L’altrove qui

FotoLibera, organizza per sabato 14 Novembre alle ore 15 una visita alla mostra fotografica “L’altrove qui” di Luigi Erba, a Lecco presso il Palazzo delle Paure. Api Lecco e Luigi Erba insieme ancora una volta per raccontare il territorio e l’industria lecchese, per esplorare nuovi confini, per regalare uno sguardo che cerca l’altrove, carico di nuove opportunità. La partenza è fissata da Merate per le ore 14,30.  per ulteriori informazione info@fotolibera.com

fronte-invito-300x143 L'altrove quiLa mostra fotografica retrospettiva del fotografo lecchese è organizzata il collaborazione con il Comune di Lecco ed ha come titolo “L’altrove qui”. Ecco la dichiarazione del Presidente di Api Lecco, Luigi Sabadini:

“Sarà per il fascino del bianco e nero, sarà che tra i soggetti preferiti a entrambi ci sono le fabbriche, ma quello tra Api Lecco e Luigi Erba rappresenta un connubio ormai consolidato nella proposta culturale del nostro territorio.
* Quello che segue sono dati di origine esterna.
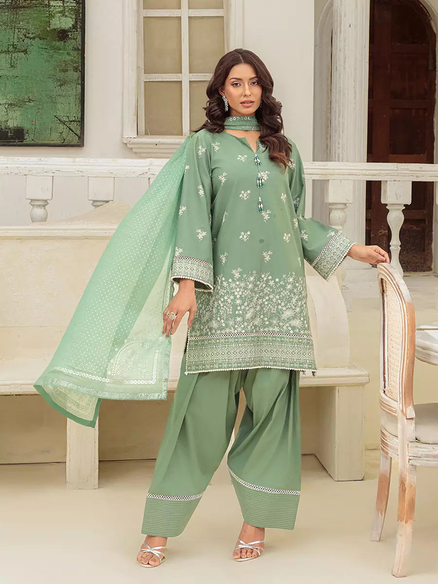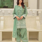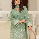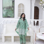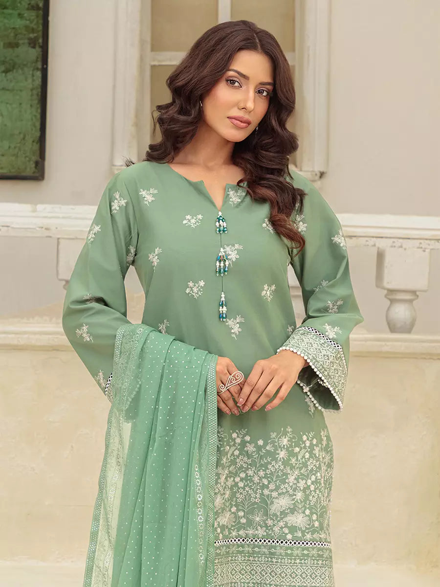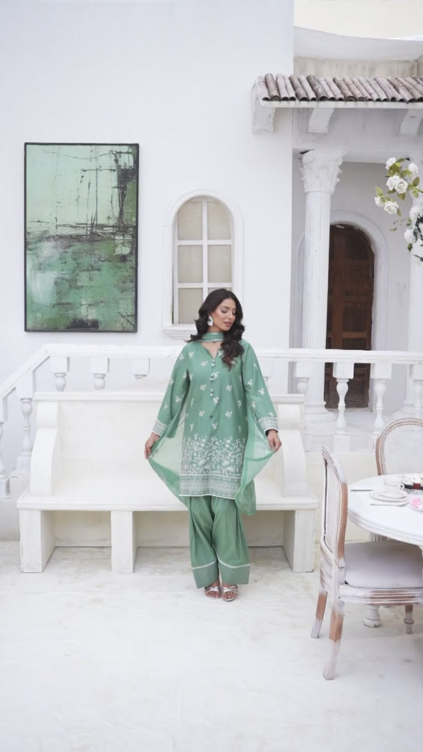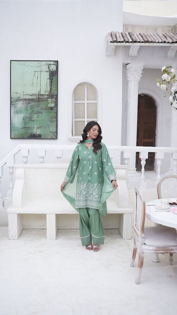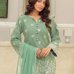 A stylish outfit featuring an embroidered Cambric shirt, paired with an chiffon Mukesh dupatta and a plain cambric trouser. Designed to offer comfort and elegance for any occasion, it's a versatile choice for Casual or festive Wear.

Crediamo che la fotografia di Luigi Erba sia oggi una tra le forme più calzanti per rappresentare che cosa è l’industria moderna. Il soggetto fotografico nei “paesaggi” ed “ex paesaggi” (capannone, vetrata, macchinario, esterno di fabbrica) appare in una sovrapposizione fluida di momenti, in un mutare continuo nel tempo che, sebbene cristallizzato in istanti sovrapposti, altro non è se non la rappresentazione del quotidiano divenire (fabbricare) in azienda.

Per noi è motivo di orgoglio essere promotori di questa prima retrospettiva personale di uno dei maggiori fotografi italiani contemporanei. Perché l’industria ha bisogno dell’arte; abbiamo bisogno di uno sguardo diverso sopra il nostro ininterrotto tran-tran; abbiamo bisogno di contestualizzarci, anche solo per un istante, nel fluire di uno spazio e di un tempo. Un tempo che, anche industrialmente, transita tra il “non più” e il “non ancora”, in mercati globali che letteralmente ci portano “l’altrove qui”: aziende, fornitori, lavoratori, brevetti, clienti che risiedono o provengono dall’altra parte del mondo (dall’altrove) finiscono per incidere irreversibilmente sulle scelte economiche che noi dobbiamo oggi adottare “qui”.

L’impronta concettuale delle fotografie di Erba, il suo incisivo marchio profondo, è diametralmente opposto alle irreali iper-cromìe degli scatti col telefonino. La sua produzione ci invita quindi a scavare nel fondo della realtà per cercarvi quel significato intrinseco, già presente, che esige quel di più di concentrazione affinché venga letto e compreso. Così avviene, infatti, per tutti quegli scorci, quelle baite, quei paraggi che ci pare di conoscere da sempre, e che quindi giudichiamo banali, ma che si presentano in maniera straordinaria nelle sue foto perché vagliati dal filtro dell’intelligenza.

L’impegno di Api, in questa mostra come nell’attività associativa, è quello di andare oltre il banale e, perché no, di proiettare le nostre qualità, le nostre produzioni, le nostre eccellenze, il nostro “qui” in un “altrove” globale”.